= Listed records =
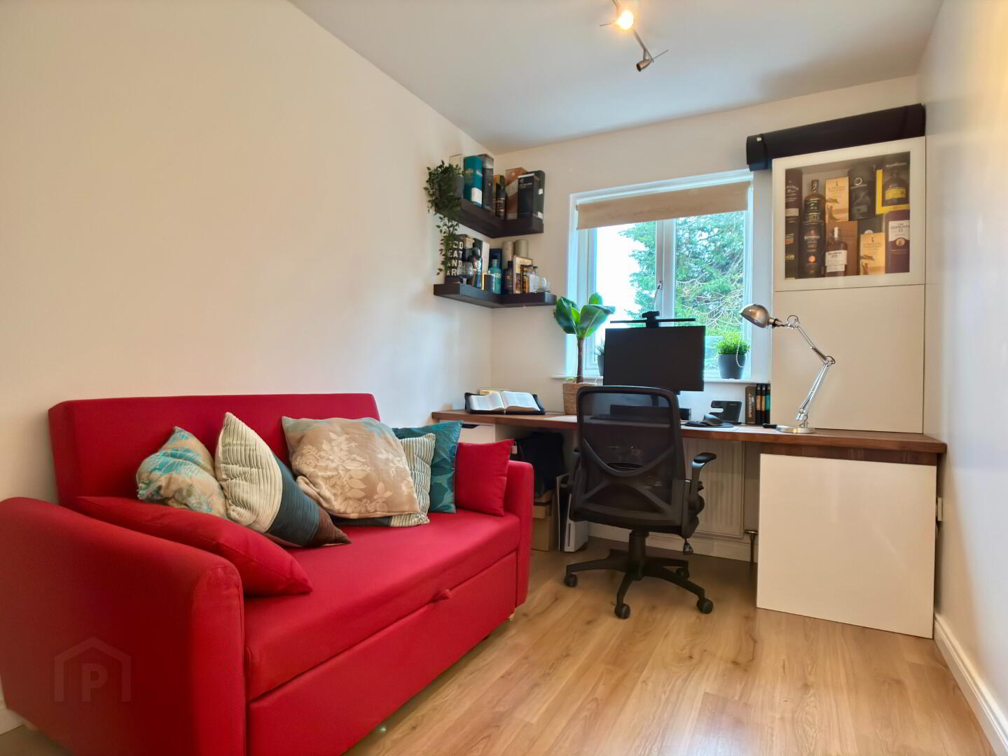 Rear aspect single bedroom currently used an office, single panel radiator, wooden flooring and roller blind.
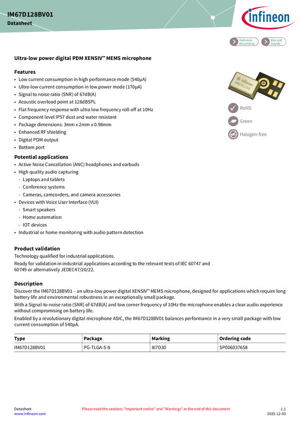 Ultra-low power digital PDM XENSIV™ MEMS microphone Discover the IM68D128B – an ultra-low power digital XENSIV™ MEMS microphone, designed for applications which require long battery life and environmental robustness in a small package. With a Signal-to-noise ratio (SNR) of 67.5dB(A) and low corner frequency of 20Hz the microphone enables a clear audio experience without compromising on battery life. Enabled by a revolutionary digital microphone ASIC, the IM68D128B balances performance in a small package at
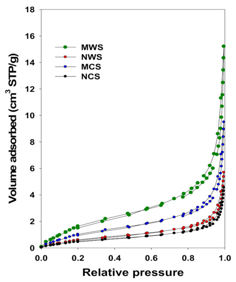 All four samples (NCS, NWS, MCS, and MWS) were characterized by N2 adsorption and desorption measurements. The specific surface area and porosity of the starch particles were examined using the nitrogen gas adsorption–desorption analyzer. A Brunauer–Emmet–Teller (BET) model was used to calculate the specific surface area. The monolayer adsorption was evaluated using the linear form of the BET equation. The BET surface area (SBET), single-point pore volume (Vsp), the volume of fine pores (Vmi), and the total pore volume (Vt) were measured using the nitrogen adsorption analyzer. Nitrogen adsorption isotherms were measured at −196 °C on an ASAP 2010 volumetric analyzer (Micromeritics, Inc., Norcross, GA, USA). Prior to the adsorption measurements, all samples were outgassed under vacuum at 110 °C for 2 h [48].
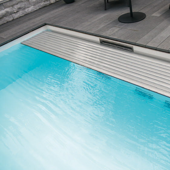 The automatic roller cover is hidden beneath the ultra-flat surface skimmer. It retracts into an underground shaft attached to the pool, leaving the water surface completely clear and undisturbed.
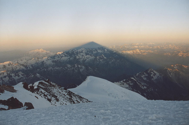 Мне кажется, что снято из р-на пер. Хотютау. Рассвет, объектив на запад. За гребнем на переднем плане-ущ. Уллу-кам. Левая граница тени проходит по вершине Фильтр, чуть выше и правее её-в. Гвандра (снежный конус). Под вершиной теневого конуса (2 см. ниже)-в. Чат, левее её-массив Доломиты... и т.д. и т.п.
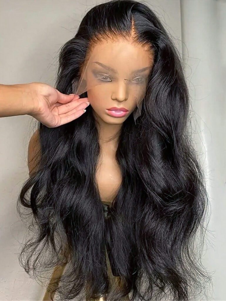 Perruque lace front onde de corps 13×4 en cheveux humains de 12-28 pouces, frontal transparent de densité 180% pour une couleur naturelle

= Required action =
In full and without error, repeat the listing above, omitting its images.

= Exercise response =
 Rear aspect single bedroom currently used an office, single panel radiator, wooden flooring and roller blind.
 Ultra-low power digital PDM XENSIV™ MEMS microphone Discover the IM68D128B – an ultra-low power digital XENSIV™ MEMS microphone, designed for applications which require long battery life and environmental robustness in a small package. With a Signal-to-noise ratio (SNR) of 67.5dB(A) and low corner frequency of 20Hz the microphone enables a clear audio experience without compromising on battery life. Enabled by a revolutionary digital microphone ASIC, the IM68D128B balances performance in a small package at
 All four samples (NCS, NWS, MCS, and MWS) were characterized by N2 adsorption and desorption measurements. The specific surface area and porosity of the starch particles were examined using the nitrogen gas adsorption–desorption analyzer. A Brunauer–Emmet–Teller (BET) model was used to calculate the specific surface area. The monolayer adsorption was evaluated using the linear form of the BET equation. The BET surface area (SBET), single-point pore volume (Vsp), the volume of fine pores (Vmi), and the total pore volume (Vt) were measured using the nitrogen adsorption analyzer. Nitrogen adsorption isotherms were measured at −196 °C on an ASAP 2010 volumetric analyzer (Micromeritics, Inc., Norcross, GA, USA). Prior to the adsorption measurements, all samples were outgassed under vacuum at 110 °C for 2 h [48].
 The automatic roller cover is hidden beneath the ultra-flat surface skimmer. It retracts into an underground shaft attached to the pool, leaving the water surface completely clear and undisturbed.
 Мне кажется, что снято из р-на пер. Хотютау. Рассвет, объектив на запад. За гребнем на переднем плане-ущ. Уллу-кам. Левая граница тени проходит по вершине Фильтр, чуть выше и правее её-в. Гвандра (снежный конус). Под вершиной теневого конуса (2 см. ниже)-в. Чат, левее её-массив Доломиты... и т.д. и т.п.
 Perruque lace front onde de corps 13×4 en cheveux humains de 12-28 pouces, frontal transparent de densité 180% pour une couleur naturelle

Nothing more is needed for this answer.